[Opening Data excerpt section]

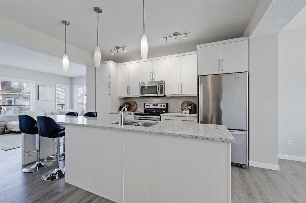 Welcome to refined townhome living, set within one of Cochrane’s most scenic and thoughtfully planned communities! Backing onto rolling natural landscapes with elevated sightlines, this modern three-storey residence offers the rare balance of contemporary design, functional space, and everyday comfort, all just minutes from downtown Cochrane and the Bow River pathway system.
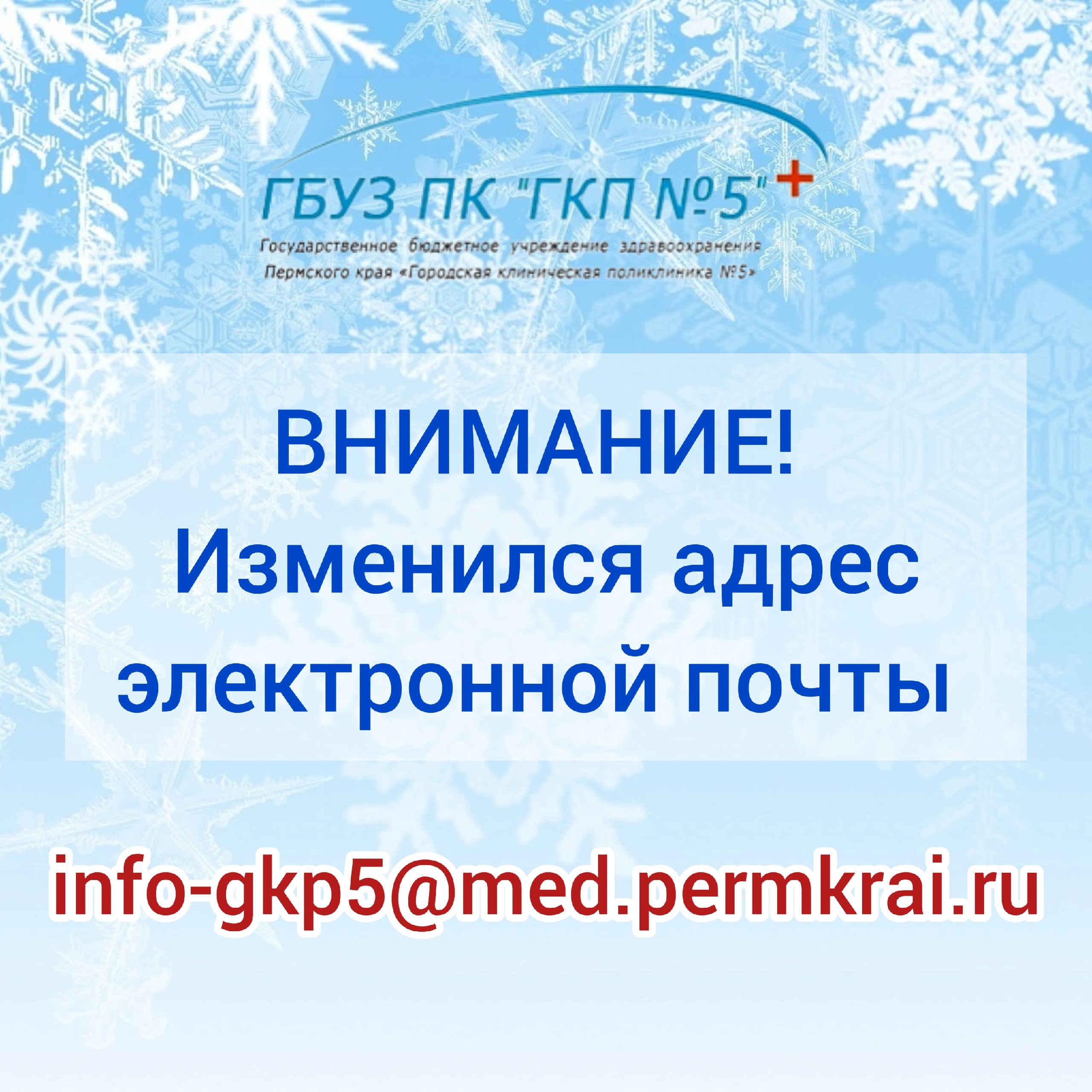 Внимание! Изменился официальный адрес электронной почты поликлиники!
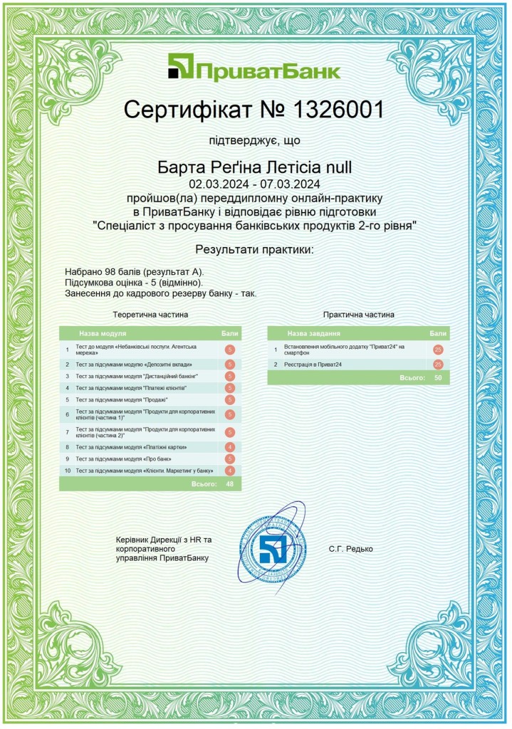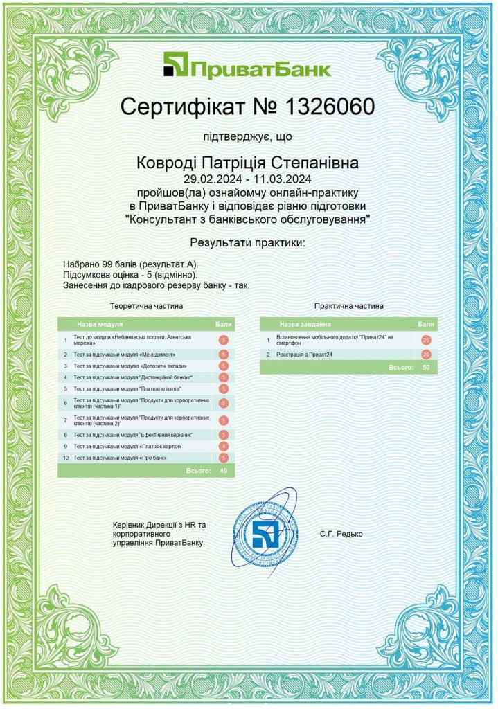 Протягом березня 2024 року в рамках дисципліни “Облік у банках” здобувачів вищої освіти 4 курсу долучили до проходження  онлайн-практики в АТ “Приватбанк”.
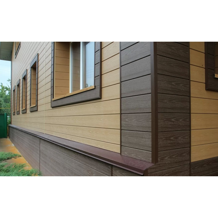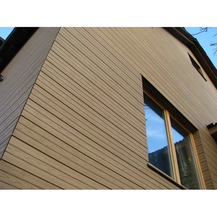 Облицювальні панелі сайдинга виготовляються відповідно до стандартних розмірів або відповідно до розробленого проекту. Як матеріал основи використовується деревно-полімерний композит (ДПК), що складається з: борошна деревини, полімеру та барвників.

[Closing Data excerpt section]

# [Requirement]
When an image appears in the data, skip it and output the rest exactly.

# [Result of the exercise]
 Welcome to refined townhome living, set within one of Cochrane’s most scenic and thoughtfully planned communities! Backing onto rolling natural landscapes with elevated sightlines, this modern three-storey residence offers the rare balance of contemporary design, functional space, and everyday comfort, all just minutes from downtown Cochrane and the Bow River pathway system.
 Внимание! Изменился официальный адрес электронной почты поликлиники!
 Протягом березня 2024 року в рамках дисципліни “Облік у банках” здобувачів вищої освіти 4 курсу долучили до проходження  онлайн-практики в АТ “Приватбанк”.
 Облицювальні панелі сайдинга виготовляються відповідно до стандартних розмірів або відповідно до розробленого проекту. Як матеріал основи використовується деревно-полімерний композит (ДПК), що складається з: борошна деревини, полімеру та барвників.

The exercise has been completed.